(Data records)

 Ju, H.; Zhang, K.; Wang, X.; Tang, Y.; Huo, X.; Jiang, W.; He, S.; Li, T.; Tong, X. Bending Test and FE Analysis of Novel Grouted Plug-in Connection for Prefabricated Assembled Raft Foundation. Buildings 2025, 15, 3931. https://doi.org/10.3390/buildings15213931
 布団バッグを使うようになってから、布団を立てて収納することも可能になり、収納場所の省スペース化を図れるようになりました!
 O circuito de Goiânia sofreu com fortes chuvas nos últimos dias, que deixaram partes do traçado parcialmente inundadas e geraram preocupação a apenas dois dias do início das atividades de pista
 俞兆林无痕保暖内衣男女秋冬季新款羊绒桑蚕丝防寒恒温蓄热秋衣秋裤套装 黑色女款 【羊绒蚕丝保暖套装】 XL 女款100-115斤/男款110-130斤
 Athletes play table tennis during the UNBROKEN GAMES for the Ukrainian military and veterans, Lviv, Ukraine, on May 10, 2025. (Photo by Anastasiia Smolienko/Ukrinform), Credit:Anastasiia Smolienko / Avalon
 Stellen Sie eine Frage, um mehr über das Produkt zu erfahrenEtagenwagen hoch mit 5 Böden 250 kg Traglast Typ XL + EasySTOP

...

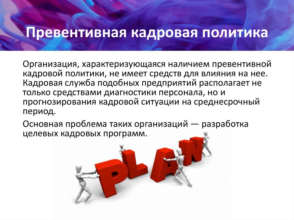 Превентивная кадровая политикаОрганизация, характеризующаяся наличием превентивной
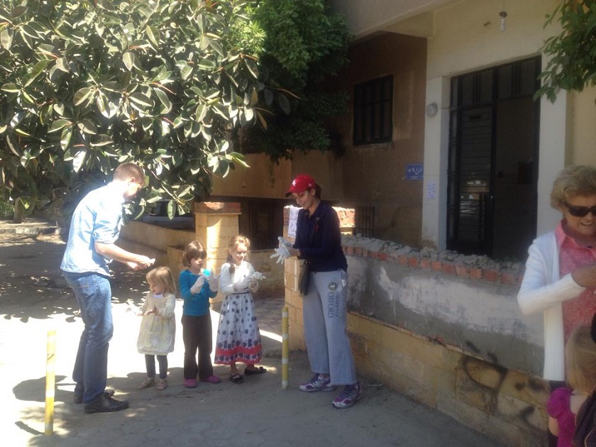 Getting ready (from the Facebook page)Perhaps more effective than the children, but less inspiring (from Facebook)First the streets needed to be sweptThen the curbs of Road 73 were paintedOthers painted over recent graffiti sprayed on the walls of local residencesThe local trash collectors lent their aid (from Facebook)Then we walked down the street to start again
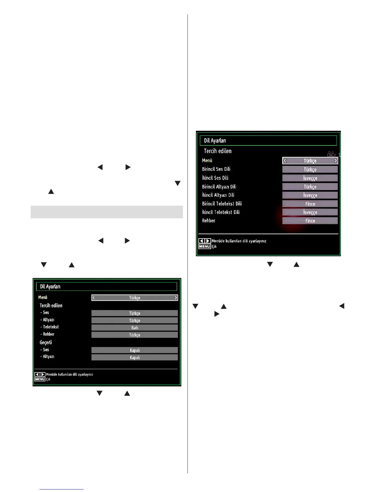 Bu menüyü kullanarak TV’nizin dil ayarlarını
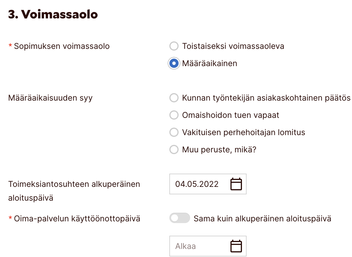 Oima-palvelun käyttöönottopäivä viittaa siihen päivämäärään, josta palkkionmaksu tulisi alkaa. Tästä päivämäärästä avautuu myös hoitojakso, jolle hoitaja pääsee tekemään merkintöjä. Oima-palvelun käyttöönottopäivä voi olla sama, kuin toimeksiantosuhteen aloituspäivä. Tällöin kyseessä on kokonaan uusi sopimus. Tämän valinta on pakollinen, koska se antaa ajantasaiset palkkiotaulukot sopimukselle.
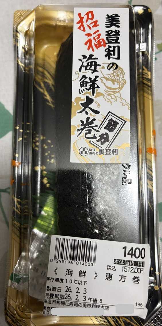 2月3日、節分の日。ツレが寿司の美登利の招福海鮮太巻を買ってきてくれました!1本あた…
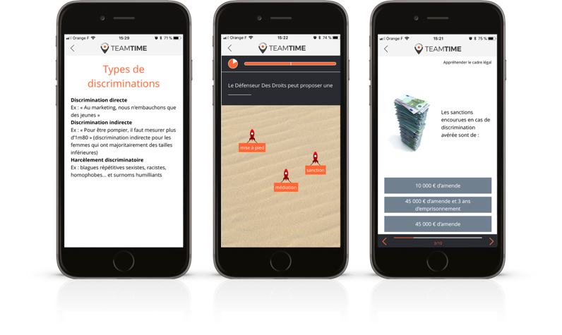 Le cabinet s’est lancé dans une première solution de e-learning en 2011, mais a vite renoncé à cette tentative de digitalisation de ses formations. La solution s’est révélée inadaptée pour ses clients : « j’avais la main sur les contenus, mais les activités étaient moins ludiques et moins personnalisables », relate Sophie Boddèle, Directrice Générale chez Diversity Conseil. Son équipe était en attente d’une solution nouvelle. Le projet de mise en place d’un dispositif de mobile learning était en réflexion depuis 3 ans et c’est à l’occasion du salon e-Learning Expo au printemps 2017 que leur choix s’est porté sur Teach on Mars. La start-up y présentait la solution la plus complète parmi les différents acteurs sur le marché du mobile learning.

■ **Work to be completed**
In the entries above, the lines between the one holding "Athletes play table" and the one holding "Stellen Sie eine", inclusive, are to be printed exactly as written, and those alone.

■ **Answer space**
 Athletes play table tennis during the UNBROKEN GAMES for the Ukrainian military and veterans, Lviv, Ukraine, on May 10, 2025. (Photo by Anastasiia Smolienko/Ukrinform), Credit:Anastasiia Smolienko / Avalon
 Stellen Sie eine Frage, um mehr über das Produkt zu erfahrenEtagenwagen hoch mit 5 Böden 250 kg Traglast Typ XL + EasySTOP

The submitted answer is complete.